An ecological model of mental health promotion for school communities: adolescent views about mental health promotion in secondary schools in the UK

Pages 289-307 | Received 25 Aug 2014, Accepted 05 Sep 2014, Published online: 16 Oct 2014
 

Abstract

This research gained the views of adolescents about mental health promotion in secondary schools in England, the UK. A flexible design, using self-contained focus group methodology explored views of 26 adolescents. A funnel approach structured five focus groups, each consisting of between three and eight adolescents. Semi-structured questions were asked in an informal, child-centred environment (Morgan, Gibbs, Maxwell, & Britten, 2002, Hearing children's voices: Methodological issues in conducting focus groups with children aged 7–11 years’, Qualitative Research,2, 5–20). A constructivist grounded theory analysis enabled categories and theory to emerge. Theoretical concepts were mapped onto an ecosystems model (Bronfenbrenner, 1979, The ecology of human development: Experiments by nature and design, Cambridge, MA: Harvard University Press) resulting in an ecological framework for mental health promotion in school communities working at three levels: Macro, Meso and Micro. The research concludes that for schools to promote mental health, society and school communities need to provide active listening cultures and an inclusive ethos to embrace mental health promotion. A need arises for adults to have knowledge and understanding of child and adolescent development, identity and the importance of relationships.

Acknowledgements

I would like to express my gratitude to the young people that participated in this research. I would like to thank Dr Mark Fox and Dr Carol Greenway for supervising my work, Cathy Charmaz for her critical review of this article, and Mo Bham and Alison Lee for encouragement and editorial advice. This research was completed as part of a Doctorate Thesis in educational psychology at Tavistock and Portman Clinic, London, UK and Essex University.

Notes

1. Prevention aimed at risk or targeted populations within school.

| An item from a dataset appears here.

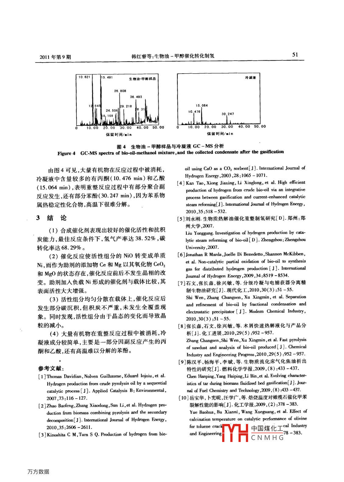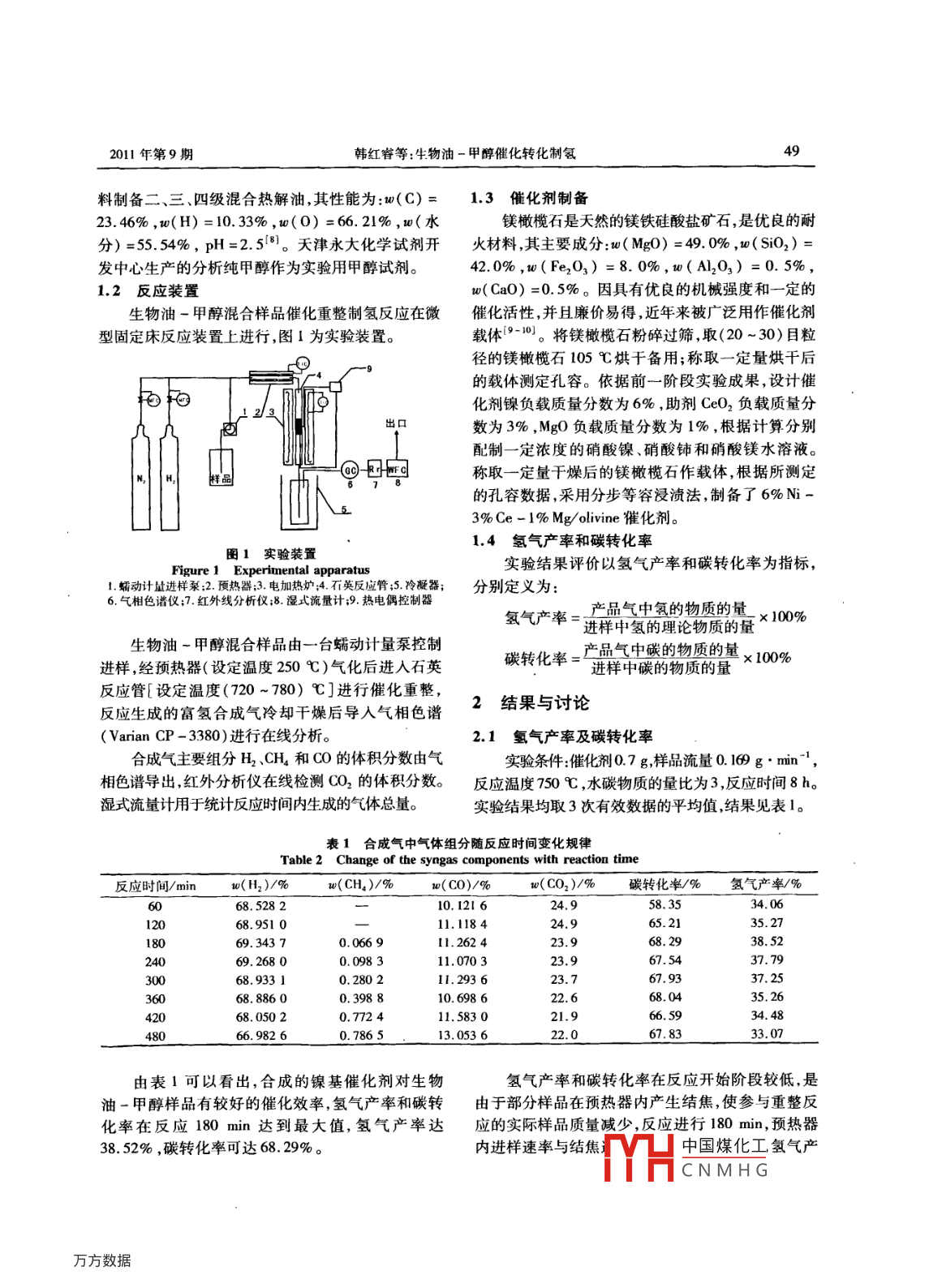 201l年9月工業(yè)催化Sept. 2011第19卷第9期INDUSTRIAL CATALYSISVol 19 No 9能源化工與催化生物油一甲醇催化轉(zhuǎn)化制氫韓紅睿,張瑞芹·,徐興敏,張長(zhǎng)森,劉永剛(鄭州大學(xué)環(huán)境科學(xué)研究院,河南鄭州450001)摘要:以生物油-甲醇為原料,在微型固定反應(yīng)裝置上考察實(shí)驗(yàn)室合成鎳基催化劑重整制氫的催化效率。對(duì)反應(yīng)前后的催化劑進(jìn)行XRD、BET和SEM表征分析,并對(duì)冷凝液做GC-MS分析。研究發(fā)現(xiàn),實(shí)驗(yàn)室自制的 NiCeMg/ olivine催化劑具有較妤的催化活性和-定的抗積炭性能。在選擇的最佳反應(yīng)條件下,氫氣產(chǎn)率和碳轉(zhuǎn)化率分別為38.52%和68.29%。關(guān)鍵詞:催化化學(xué);氬氣;生物質(zhì);甲醇;催化重整;鎳基催化劑doi:10.3969/j.iss.l008-1143.2011.09.010中圖分類(lèi)號(hào):TK6;0643.36文獻(xiàn)標(biāo)識(shí)碼:A文章編號(hào):1008-1143(2011)09004804Study on hydrogen production by catalytic reforming ofbio-oil-methanol mixtureHAN Hongrui, ZHANG Ruiqin, XU Xingmin, ZHANG Changsen, LIU YonggangResearch Institute of Environmental ScienceZhengzhou University, Zhengzhou 450001, Henan, ChinaAbstract: Using bio-oil-methanol as the raw material, the nickel-based reforming catalyst for hydrogproduction prepared in the laboratory was investigated in the fixed micro-reactor. The catalysts beforeafter reaction were characterized by XRD, BET and SEM. The condensates collected after gasification wereanalyzed by GC-MS. The results showed that NiCeMg/olivine catalyst exhibited good catalytic activity andgood properties of resistance to carbon deposition. The hydrogen yield of 38. 52% and carbon conversionof 68. 29% were attained under thethe optimum reaction conditionKey words: catalytic chemistry hydrogen; bi6; catalytic reforming; Ni-badoi:10.3969/j.issn.1008-1143.2011.09.010CLC number: TK6; 0643. 36 Document code: A Article ID: 1008-1143(2011)09-0048-04氫氣作為清潔能源引起關(guān)注,尤其是氫氣用作直接應(yīng)用生物油制氫,存在較嚴(yán)重的結(jié)焦積炭汽車(chē)燃料電池的動(dòng)力源成為研究熱點(diǎn)。生物質(zhì)問(wèn)題。研究發(fā)現(xiàn),生物油中添加適量甲醇可以降由于具有可再生、可轉(zhuǎn)換、資源豐富和環(huán)境友好等特低生物油黏度,從而緩解重整過(guò)程中的結(jié)焦現(xiàn)象0。性,被認(rèn)為是具有前景的新型氫源21。本文以生物油與甲醇質(zhì)量比1:1作為實(shí)驗(yàn)樣品,生物質(zhì)通過(guò)熱化學(xué)制氫的方式有多種,若不考進(jìn)一步進(jìn)行制氫實(shí)驗(yàn)研究考察催化劑的催化活性。慮氫氣儲(chǔ)存和運(yùn)輸過(guò)程中的技術(shù)障礙,生物質(zhì)熱裂解液體產(chǎn)物催化重整制氫的路徑較符合未來(lái)規(guī)?;?實(shí)驗(yàn)部分發(fā)展方向3。生物質(zhì)通過(guò)快速熱解得到的液體產(chǎn)1.1原料物俗稱(chēng)生物油,為黑色粘稠狀并帶有刺激性氣味實(shí)驗(yàn)在實(shí)驗(yàn)室自制的進(jìn)料為2kg·h的熱解的液態(tài)混合物。生物油成分復(fù)雜,有機(jī)相簡(jiǎn)寫(xiě)為油生產(chǎn)設(shè)備上進(jìn)行。通過(guò)常壓流化床反應(yīng)、四級(jí)冷CH0、4凝和電捕獲系統(tǒng)收集生物油l。選用樟子松為原收稿日期:2011-06-13;修回日期:011-07-11基金項(xiàng)目:河南省省院技術(shù)合作項(xiàng)目(SYHZ2009101)作者簡(jiǎn)介:韓紅睿,1986年生,男,山東省茌平縣人,在讀碩士研究生,主要從事生物質(zhì)可冉生能源利用研究。通訊聯(lián)系人:張瑞芹,教授,碩士生導(dǎo)師,從事生物質(zhì)可再生能源、環(huán)境化學(xué)與低碳技術(shù)等方面中國(guó)煤化工dcmCNMHG2011年第9期韓紅睿等:生物油-甲醇催化轉(zhuǎn)化制氫料制備二、三、四級(jí)混合熱解油,其性能為:M(C)=1.3催化劑制備23.46%,(H)=10.33%,(O)=66.21%,砌(水鎂橄欖石是天然的鎂鐵硅酸鹽礦石,是優(yōu)良的耐分)=55.54%,pH=2.581。天津永大化學(xué)試劑開(kāi)火材料,其主要成分:u(MgO)=49.0%,(SiO2)=發(fā)中心生產(chǎn)的分析純甲醇作為實(shí)驗(yàn)用甲醇試劑。42.0%,v(Fe2O3)=8.0%,(Al2O3)=0.5%,1.2反應(yīng)裝置(CaO)=0.5%。因具有優(yōu)良的機(jī)械強(qiáng)度和一定的生物油-甲醇混合樣品催化重整制氫反應(yīng)在微催化活性,并且廉價(jià)易得,近年來(lái)被廣泛用作催化劑型固定床反應(yīng)裝置上進(jìn)行,圖1為實(shí)驗(yàn)裝置。載體9。將鎂橄欖石粉碎過(guò)篩,取(20~30)目粒徑的鎂橄欖石105℃烘干備用;稱(chēng)取一定量烘干后的載體測(cè)定孔容。依據(jù)前一階段實(shí)驗(yàn)成果,設(shè)計(jì)催化劑鎳負(fù)載質(zhì)量分?jǐn)?shù)為6%,助劑ceO2負(fù)載質(zhì)量分?jǐn)?shù)為3%,MgO負(fù)載質(zhì)量分?jǐn)?shù)為1%,根據(jù)計(jì)算分別配制一定濃度的硝酸鎳、硝酸鈰和硝酸鎂水溶液。平畫(huà)d稱(chēng)取一定量干燥后的鎂橄欖石作載體,根據(jù)所測(cè)定的孔容數(shù)據(jù),采用分步等容浸漬法,制備了6%Ni3%Ce-1%Mg/ olivine催化劑。14氫氣產(chǎn)率和碳轉(zhuǎn)化率圖1實(shí)驗(yàn)裝置Figure 1 Experimental apparatus實(shí)驗(yàn)結(jié)果評(píng)價(jià)以氫氣產(chǎn)率和碳轉(zhuǎn)化率為指標(biāo),1蠕動(dòng)計(jì)量進(jìn)樣泵預(yù)熱器3電加熱爐4.石英反應(yīng)管5冷凝器;分別定義為:6氣相色譜儀;7紅外線(xiàn)分析儀;8.濕式流量計(jì);9.熱電偶控制器氫氣產(chǎn)率=產(chǎn)品氣中氫的物質(zhì)的量×10%進(jìn)樣中氫的理論物質(zhì)的量

2. Universal aimed at improving the mental health of the whole population in school.

3. ‘Change fatigue’ is referred to as being an inhibiting factor that can increase staff resistance to implementation due to other changes occurring at similar times.

4. Protective factors that can focus on intervention, prevention, attributing cause to individual deficit medical model theoretical frameworks (Rowling, Citation2009).